Stabilizing interactions and rational design of non-canonical G-quadruplexes

非规范 G 四链体的稳定相互作用和合理设计

• 批准号: 410497337
• 负责人: Professor Dr. Klaus Weisz
• 金额: --
• 依托单位: Arbeitskreis Analytische Biochemie
• 依托单位国家: 德国
• 项目类别: Research Grants
• 资助国家: 德国
• 项目状态: 未结题
• 来源: https://gepris.dfg.de/gepris/projekt/410497337?language=en
• 关键词: Stabilizing; interactions; rational; design; non

Because of their possible biological role, G-quadruplexes (G4s) have attracted considerable interest as novel targets for pharmaceutical interventions. Additionally, G4s have also been increasingly employed as powerful tools in various technological applications, e.g., as aptamers, sensors, or electronic switches. Their highly polymorphous nature offers excellent opportunities for their specific recognition and functional optimization. However, due to poor understanding of critical interactions that drive a G-rich sequence into a particular fold, the rational design of arbitrary quadruplex topologies and sequencebased structural predictions are restricted, especially for noncanonical G4 structures featuring broken G-columns. In continuation of an ongoing project, competitive folding to canonical and noncanonical structures will be studied through the optimization of G-tract intervening sequences to select for defined structures. Emphasis will be placed on frequently occurring non-canonical topologies with Vshaped or snapback loops. The determination of high-resolution NMR structures combined with calorimetry-derived thermodynamic stabilities is expected to give valuable insight into critical interactions that are able to enforce and stabilize corresponding G4 species. An attractive tool for guiding a fold includes quadruplex-duplex (Q-D) interfaces when formed upon structural rearrangements to the target G4. Here, binding of specific ligands at the Q-D junction, also serving as putative recognition hotspots within the genome, may additionally shift equilibria and thus be employed for inducing alternative folds. Findings are expected to promote both structure predictions and the rational design of canonical and in particular non-canonical G4 structural motifs.
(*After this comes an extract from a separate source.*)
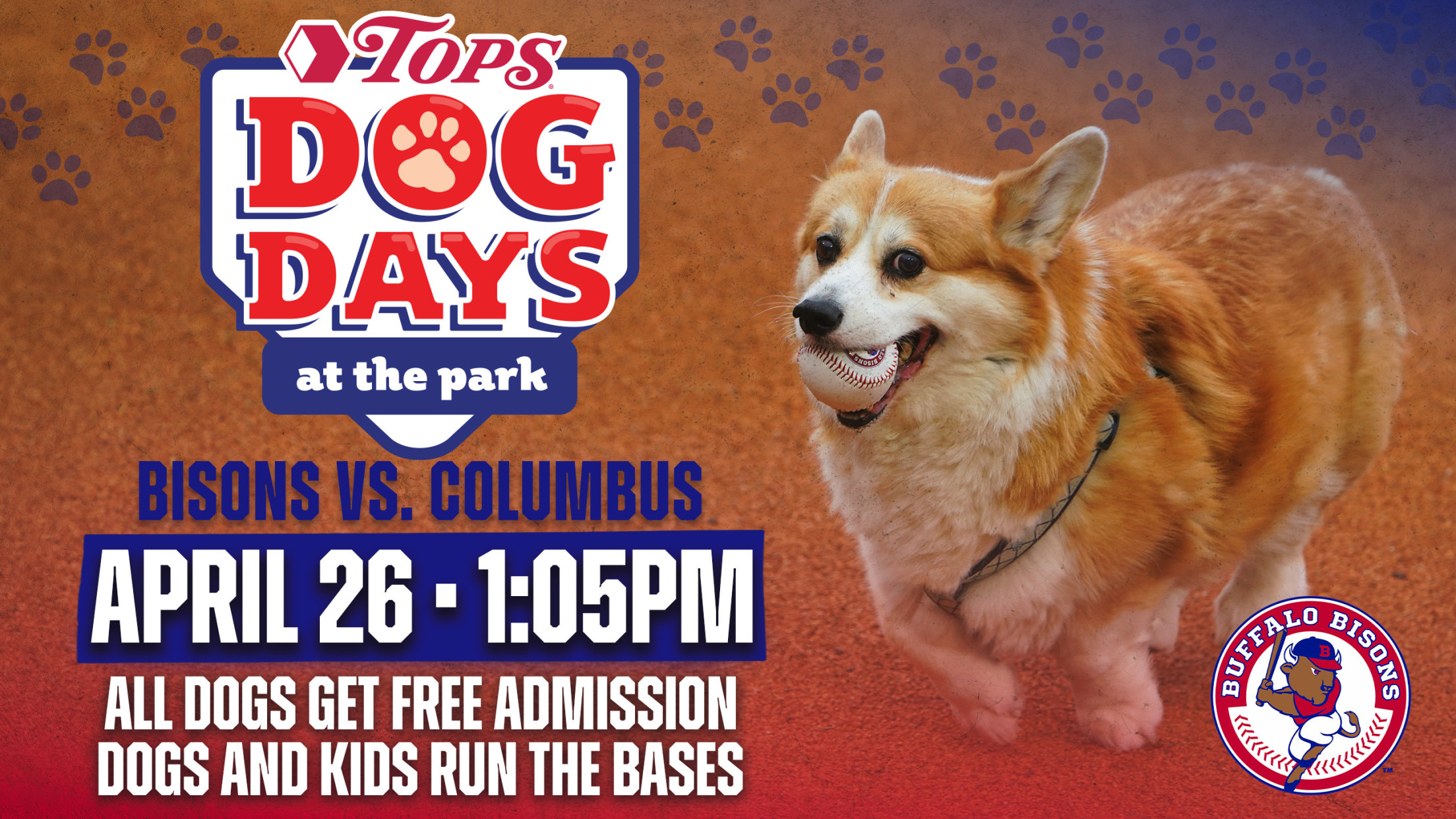 Our first Tops Dog Day of the Season is Sunday, April 26 as the Bisons host the Clippers (1:05 p.m.) and we're adding a new twist to our very PUPular event.. We're holding a postgame Dogs AND Kids Run the Bases!

由于其可能的生物学作用，G-四链(G4S)作为药物干预的新靶点引起了人们的极大兴趣。此外，G4S还被越来越多地用作各种技术应用中的强大工具，例如作为适配子、传感器或电子开关。它们的高度多态特性为它们的特定识别和功能优化提供了极好的机会。然而，由于对导致富含G的序列进入特定折叠的关键相互作用缺乏了解，任意四链拓扑的合理设计和基于序列的结构预测受到限制，特别是对于以G柱断裂为特征的非规范G4结构。在一个正在进行的项目的继续中，将通过优化G-Track插入序列来研究到规范和非规范结构的竞争折叠，以选择定义的结构。重点将放在经常出现的具有V形或Snapback环路的非规范拓扑上。高分辨率核磁共振结构的确定与量热法得出的热力学稳定性相结合，有望为能够加强和稳定相应G4物种的关键相互作用提供有价值的见解。一种用于引导折叠的有吸引力的工具包括当在目标G4的结构重排时形成的四链-双链(Q-D)界面。在这里，在Q-D连接处的特定配体的结合，也是基因组中假定的识别热点，可以额外地移动平衡，从而被用于诱导替代折叠。预计这些发现将促进结构预测和规范的、特别是非规范的G4结构基序的合理设计。